Ich wollte endlich mal sagen, wie viel Vergnügen mir das Buch von Manfred Pieske bereitet hat. Und nachdenklich hat es mich auch gestimmt. Er hat ja einen ganz eigenen Stil und einen tollen Humor. Manchmal habe ich laut gelacht, dann wieder war ich auch deprimiert. Das ist ein Schlüsselroman (Buch), müsste eigentlich landesweit Leser haben. So anschaulich habe
ich noch nicht gelesen, was nach der "Wende" passiert ist. Wie im Kleinen so im Großen!
ANNE-KATHREIN TEUBNER; FRANKFURT/MAIN


Leseprobe

„Wo nur liegt dies Teltow?“ Das war eine Frage, die sich gar nicht gut anhörte. Weil sie dummerweise in Teltow gestellt wurde, und ich sagte: „Was weiß ich, irgendwo links vom Mond.“
Ja, so ist das gewesen, ich war unwirsch, gelinde gesagt. Und der Mann, der aus dem Dunkel kam wie aus dem Nichts, war da natürlich auch unwirsch, und er wollte mir ziemlich flott an die Gurgel. Aber was hätte ich sonst sagen sollen? Ich war hier ja auch fremd. Vor mir und hinter mir nichts als Straße. Weit und breit kein bisschen Zivilisation.
Fast war Mitternacht vorbei, als dieser Typ mit seinen zwei Weibern von sonst woher aufgetaucht war und nach Teltow fragte, obwohl er doch schon dort war. „Baby“, sagte der Mann so ruhig, wie es ihm nötig schien, zu mir, „bist du nun von hier oder bist du es nicht?
„Mich hat hier ein Taxi ausgekippt“, sagte ich, um nicht weiter Stunk zu haben. „Ja doch, das könnte hier Teltow sein.“
Die Weisheit stammte von einem Taxifahrer, der mich in Schönefeld als Zweitfahrgast mitgenommen und unmissverständlich geknurrt hatte: „Aber bloß bis Teltow, da ist Endstation.“ Ja, so hatte der gesagt, und so gab ich das nun weiter an den Mann mit seinen beiden Weibern, die mit ihren langen Hälsen an Lamas erinnerten.


„Aha“, sagte der Mann. „Wir müssen nach Seehof. Das soll was mit Teltow zu tun haben.“ „Nach Seehof?“ „Ja. Das soll hier sein, irgendwo.“


„Nie gehört“, sagte ich, und das hatte ja seine Richtigkeit. Aber der Mann misstraute mir, drehte sich einmal um sich selbst. Solange er sich jedoch umsah, nirgends ein Wegweiser. Nirgends ein Mensch, der Auskunft geben könnte, die Sache war aussichtslos. Hier konnte man sich nur auf die eigenen Füße verlassen. „Komm bloß“, sagte das eine Lama zu dem Mann und sah mich vorwurfsvoll an.

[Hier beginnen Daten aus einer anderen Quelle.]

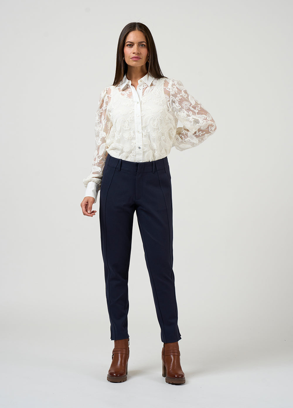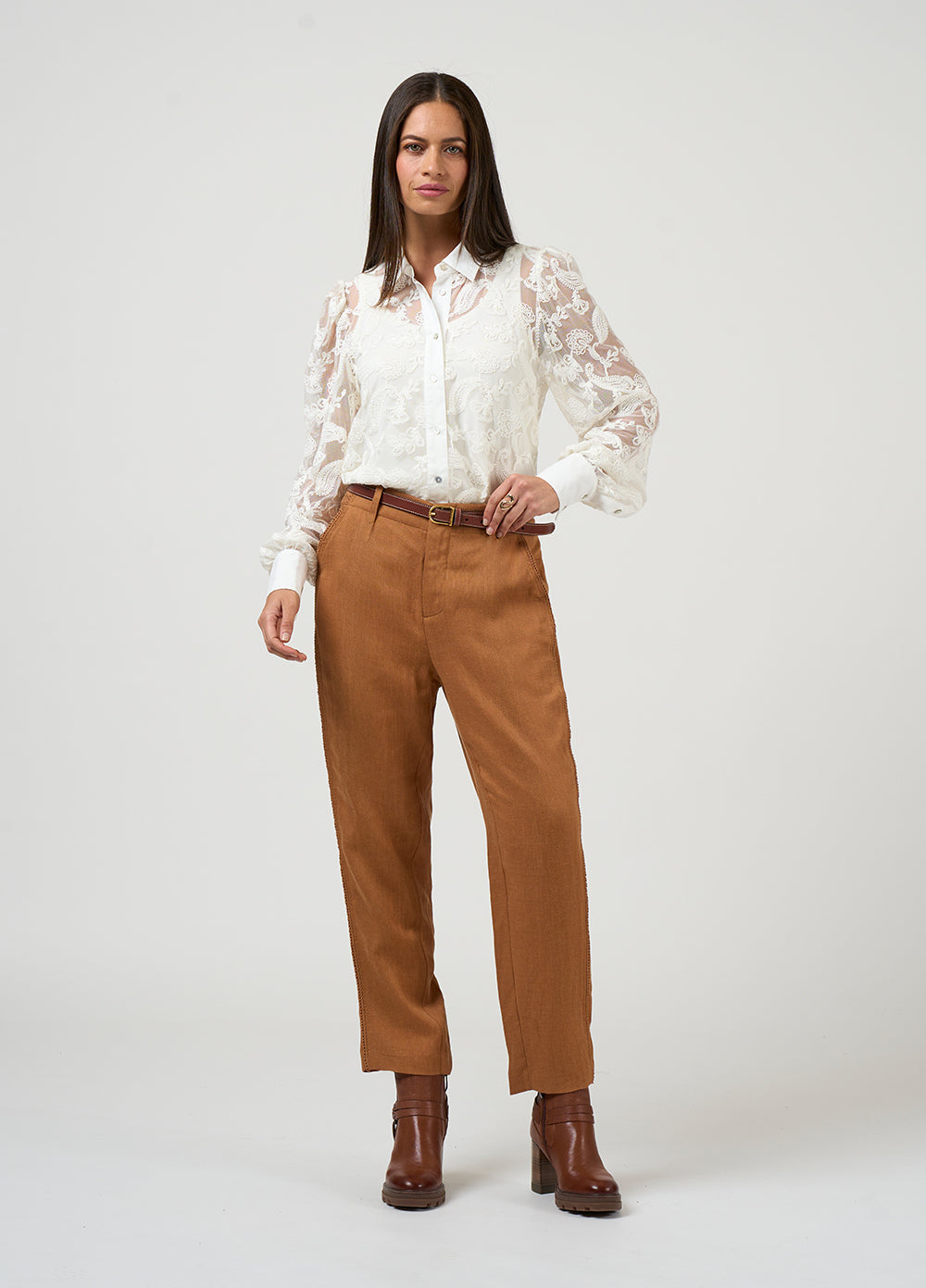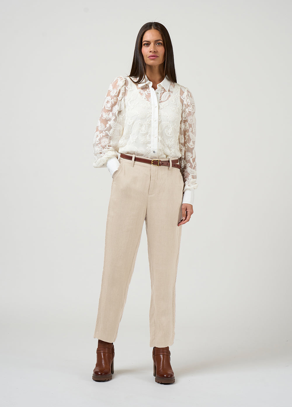 The Loobie’s Story Filigree Shirt is a beautifully detailed piece that brings texture and refinement into everyday dressing. This women’s embroidered shirt is crafted in delicate tulle, finished with intricate embroidery that creates depth while still feeling light and wearable. A crisp cotton sateen collar, button-through front, and deep cuffs add structure and polish, balancing the softness of the sheer overlay. The embroidery is thoughtfully placed to fall just short of the hem, forming a subtle border that adds interest without overwhelming the silhouette. Layered over its matching cami, it offers coverage with a soft, fluid feel against the body. Styled with tailoring or denim, this is a piece that moves easily between day and evening with a quiet sense of statement.

Das Trio drehte ab, ging in die andere Richtung, hinein ins Dunkel. Und ich, wieder allein, lief auch los, musste nun doch lachen über den Mann mit den beiden Lamas. Auch über mich. Hier angekommen, in dem Nest, unter mehr Bäumen als zweckdienlichen Straßenschildern, hatte der Taxifahrer nicht lange gefackelt, war an irgendeiner Ecke scharf in ein Sträßchen eingebogen, und das wars dann schon gewesen. „Feierabend“, hatte er gesagt, „bin zu Hause.“ Ja, da war nichts mehr zu machen, nicht einmal mit einem Schein, und als ich nicht aussteigen wollte, hatte er gesagt: „Wirds bald? Ich schlaf sonst auf der Stelle ein.“


Wieder Straße. Immer geradeaus. Bis ein Platz kam, der anscheinend keinen Namen hatte, links aber eine kleine Tankstelle. Auch dort kein Mensch. Kein Licht, kein Laut. Die Stadt schien Stromsperre zu haben.

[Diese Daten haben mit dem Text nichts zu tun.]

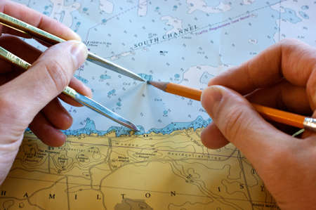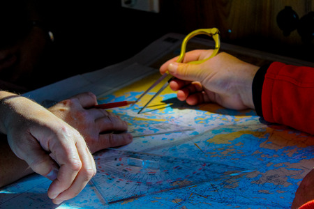 Hands next to a sea chart doing navigational route planning

Irgendwann rechts abbiegend, geriet ich in eine schieffluchtige Häuserzeile. Vor mir altstädtische Kleinheit, ein paar Laternen mit funzeligem orangefarbenem Licht, und unter den Schuhsohlen Kopfsteinpflaster. Sonst nur hohe, alte Bäume und Häuser, die Stofftieren ähnelten, ein Kirchturm, der was Gedrungenes, Untersetztes hatte.


Die Straße führte zurück zu dem Platz, den ich schon aus der Ferne erkennen konnte. Ich lief im Kreis. Hier konnte es unmöglich dorthin gehn, wo ich hin wollte, nämlich nach Stahnsdorf. Unentschlossen blieb ich stehen, und ich dachte, Kleinstädte haben ihre eigenen Gesetze; hier möchtest du wohl nicht begraben sein. Allein diese Rinnsteine, die, hochgedrückt von Baumwurzeln, eine einzige mittelalterlich anmutende Unordentlichkeit hatten. Während ich das näher in Augenschein nahm, hörte ich ein Geräusch, das von oben kam.


Welch eine Überraschung, nicht weit weg von mir hatte sich ein Fenster geöffnet, und ich dachte erfreut: Trotz Stromsperre ein städtisches Lebenszeichen. Ich winkte, eilte dem Geräusch entgegen mit schnellen Schritten, hatte schon rufbereit die Hände um den Mund gelegt, um zu erfragen, wo es nach Stahnsdorf gehe – da schob sich ins Nachtdunkel hinein ein Gegenstand, etwas Rundes, irgendwie Unpassendes, Irritierendes.